- WHAT NEEDS TO BE DONE:
Transcribe the stretch of entries below from the line with "LED-Glasbild mit austauschbarem" through the line with "Wall mural : A", exactly and with both ends included; leave out all other lines.

- RECORDS FOR THE TASK:
⁂

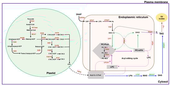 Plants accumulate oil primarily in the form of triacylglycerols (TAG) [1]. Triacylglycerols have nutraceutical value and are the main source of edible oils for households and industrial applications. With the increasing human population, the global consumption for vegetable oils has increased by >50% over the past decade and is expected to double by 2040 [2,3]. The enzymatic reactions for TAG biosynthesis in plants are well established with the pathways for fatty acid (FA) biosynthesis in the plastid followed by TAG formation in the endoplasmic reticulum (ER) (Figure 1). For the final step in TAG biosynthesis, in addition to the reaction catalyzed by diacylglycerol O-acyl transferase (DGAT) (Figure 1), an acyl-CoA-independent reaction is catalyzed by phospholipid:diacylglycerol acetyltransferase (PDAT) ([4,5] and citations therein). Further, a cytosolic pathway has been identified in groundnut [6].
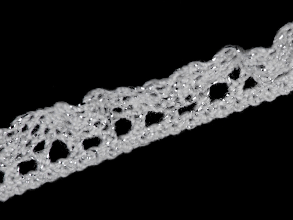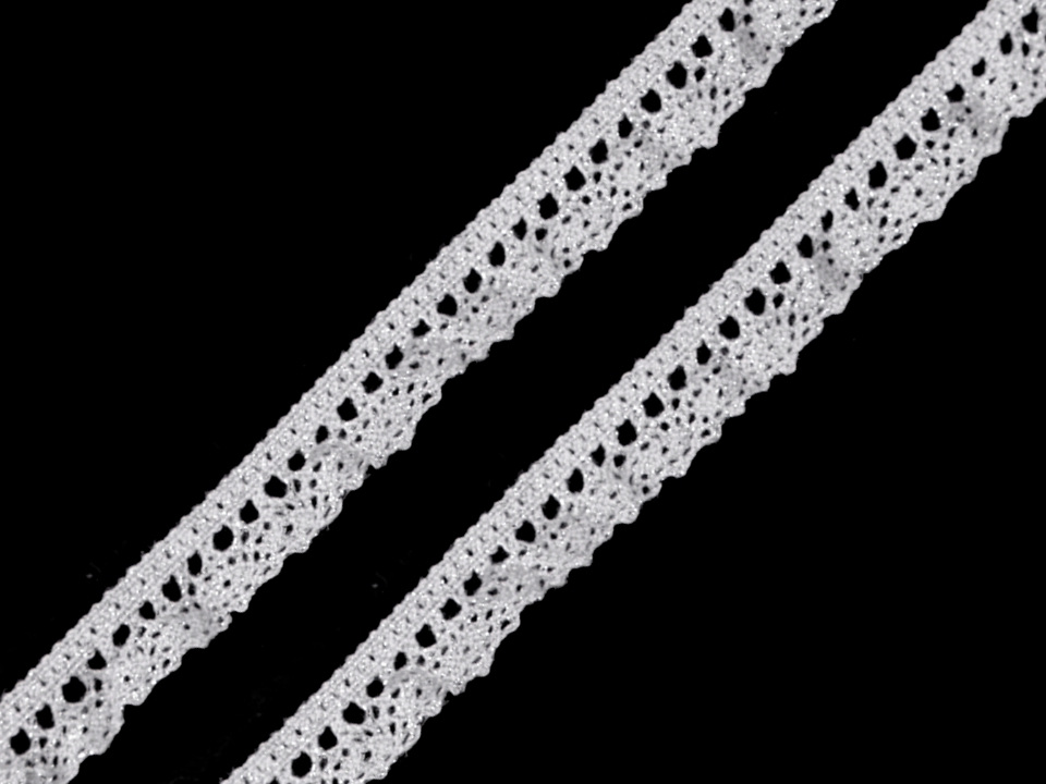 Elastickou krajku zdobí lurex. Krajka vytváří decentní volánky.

⁂

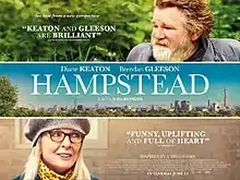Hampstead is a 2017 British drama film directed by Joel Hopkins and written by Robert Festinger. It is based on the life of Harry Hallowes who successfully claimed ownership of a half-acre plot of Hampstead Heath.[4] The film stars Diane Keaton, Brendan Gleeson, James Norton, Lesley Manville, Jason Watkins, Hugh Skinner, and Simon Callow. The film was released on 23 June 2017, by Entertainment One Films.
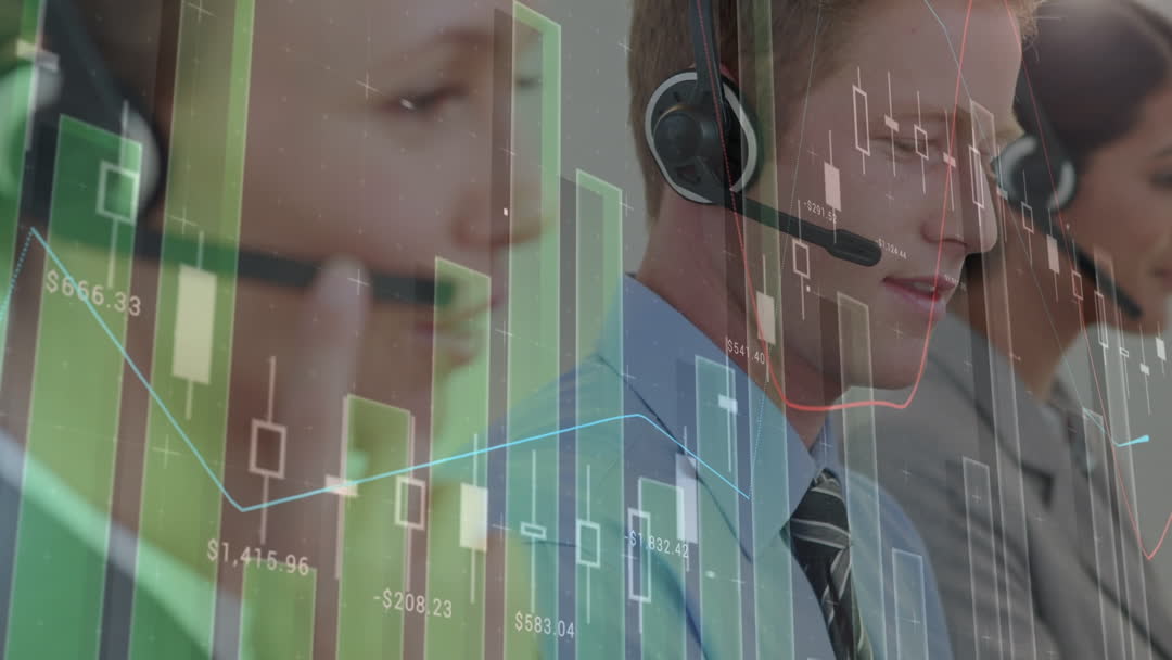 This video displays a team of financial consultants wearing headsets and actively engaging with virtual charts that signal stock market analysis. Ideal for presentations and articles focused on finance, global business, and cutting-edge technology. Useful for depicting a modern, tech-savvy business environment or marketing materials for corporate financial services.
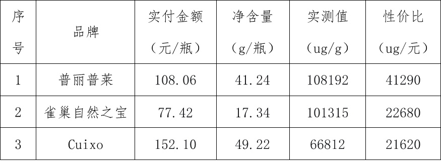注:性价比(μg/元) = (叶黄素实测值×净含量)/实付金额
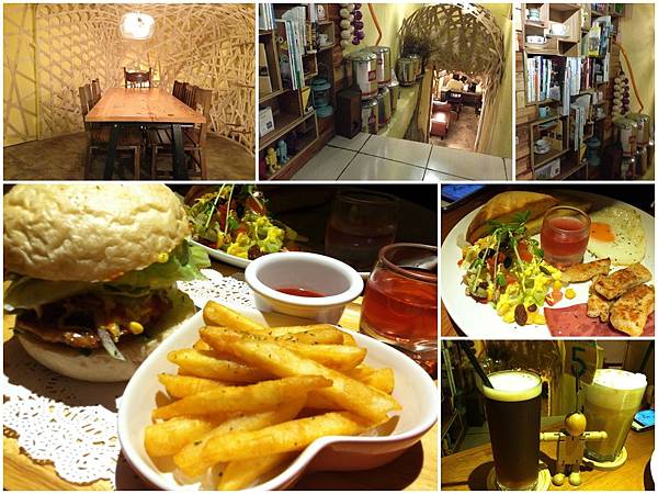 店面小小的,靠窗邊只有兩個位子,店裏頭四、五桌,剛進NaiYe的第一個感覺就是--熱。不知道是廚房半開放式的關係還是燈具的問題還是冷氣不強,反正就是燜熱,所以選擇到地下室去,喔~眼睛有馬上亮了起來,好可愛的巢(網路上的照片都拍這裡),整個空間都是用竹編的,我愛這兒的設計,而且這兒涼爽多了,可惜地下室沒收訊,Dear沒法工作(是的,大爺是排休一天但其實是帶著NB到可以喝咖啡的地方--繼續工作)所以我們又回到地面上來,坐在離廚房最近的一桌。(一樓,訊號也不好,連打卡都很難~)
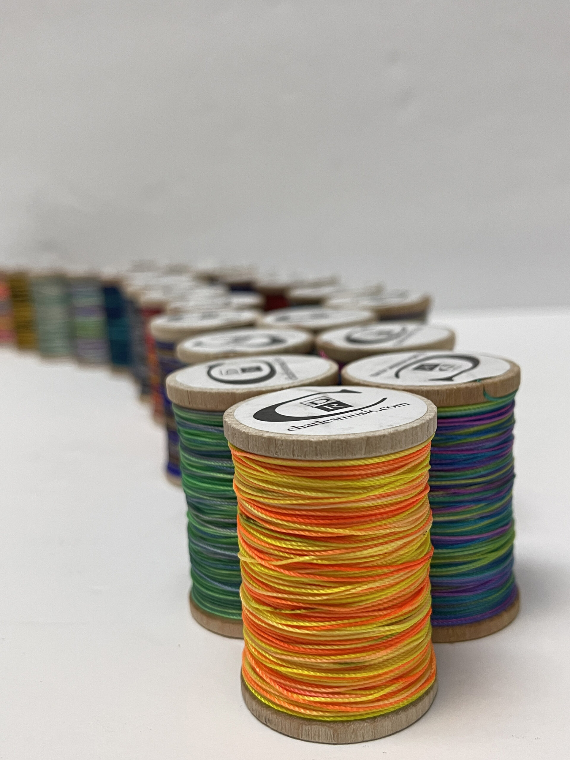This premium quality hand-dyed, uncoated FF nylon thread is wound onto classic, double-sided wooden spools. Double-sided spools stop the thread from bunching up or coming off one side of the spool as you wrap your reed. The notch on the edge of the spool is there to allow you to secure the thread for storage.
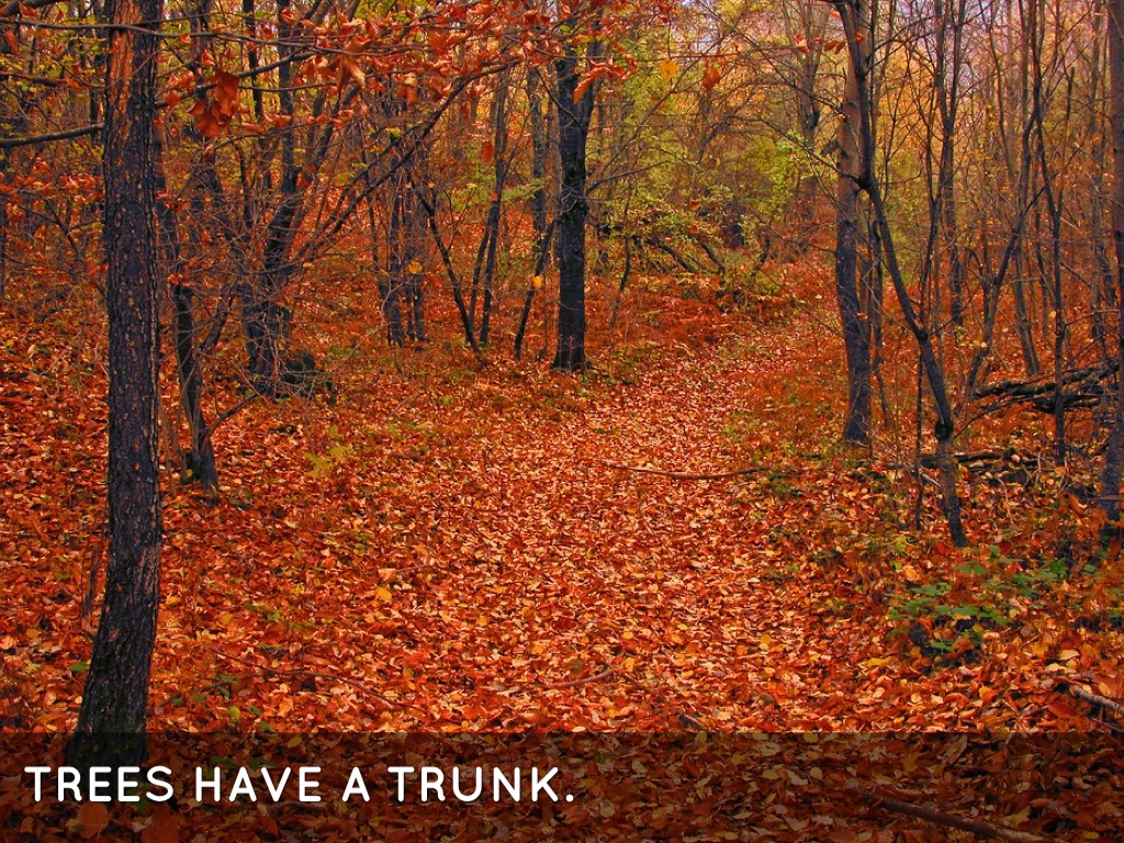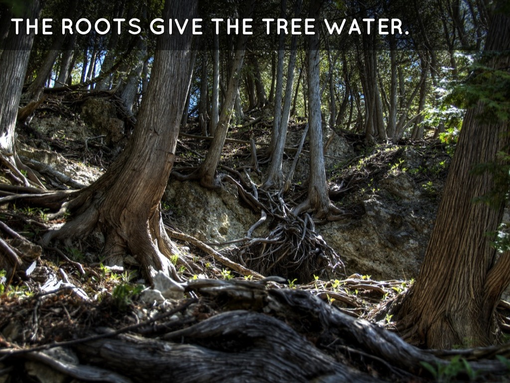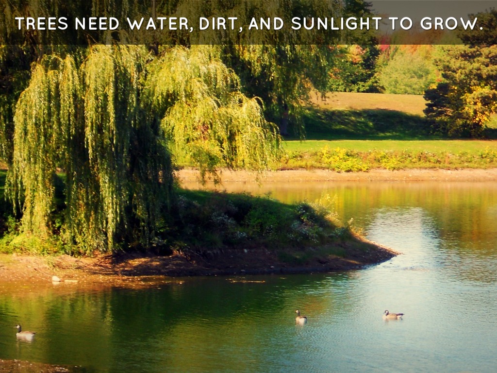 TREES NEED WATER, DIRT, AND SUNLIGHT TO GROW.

⁂

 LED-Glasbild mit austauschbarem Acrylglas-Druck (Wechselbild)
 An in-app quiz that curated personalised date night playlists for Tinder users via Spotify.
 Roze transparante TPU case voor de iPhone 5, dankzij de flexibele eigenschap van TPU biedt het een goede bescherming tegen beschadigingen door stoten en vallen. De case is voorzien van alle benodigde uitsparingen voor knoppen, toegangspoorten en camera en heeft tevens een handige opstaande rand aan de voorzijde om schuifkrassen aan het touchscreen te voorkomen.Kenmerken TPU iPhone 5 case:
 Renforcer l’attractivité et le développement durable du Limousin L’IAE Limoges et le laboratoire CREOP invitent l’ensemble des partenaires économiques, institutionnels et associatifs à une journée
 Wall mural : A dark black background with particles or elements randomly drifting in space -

⁂

- RESULT OF THE EXERCISE:
 LED-Glasbild mit austauschbarem Acrylglas-Druck (Wechselbild)
 An in-app quiz that curated personalised date night playlists for Tinder users via Spotify.
 Roze transparante TPU case voor de iPhone 5, dankzij de flexibele eigenschap van TPU biedt het een goede bescherming tegen beschadigingen door stoten en vallen. De case is voorzien van alle benodigde uitsparingen voor knoppen, toegangspoorten en camera en heeft tevens een handige opstaande rand aan de voorzijde om schuifkrassen aan het touchscreen te voorkomen.Kenmerken TPU iPhone 5 case:
 Renforcer l’attractivité et le développement durable du Limousin L’IAE Limoges et le laboratoire CREOP invitent l’ensemble des partenaires économiques, institutionnels et associatifs à une journée
 Wall mural : A dark black background with particles or elements randomly drifting in space -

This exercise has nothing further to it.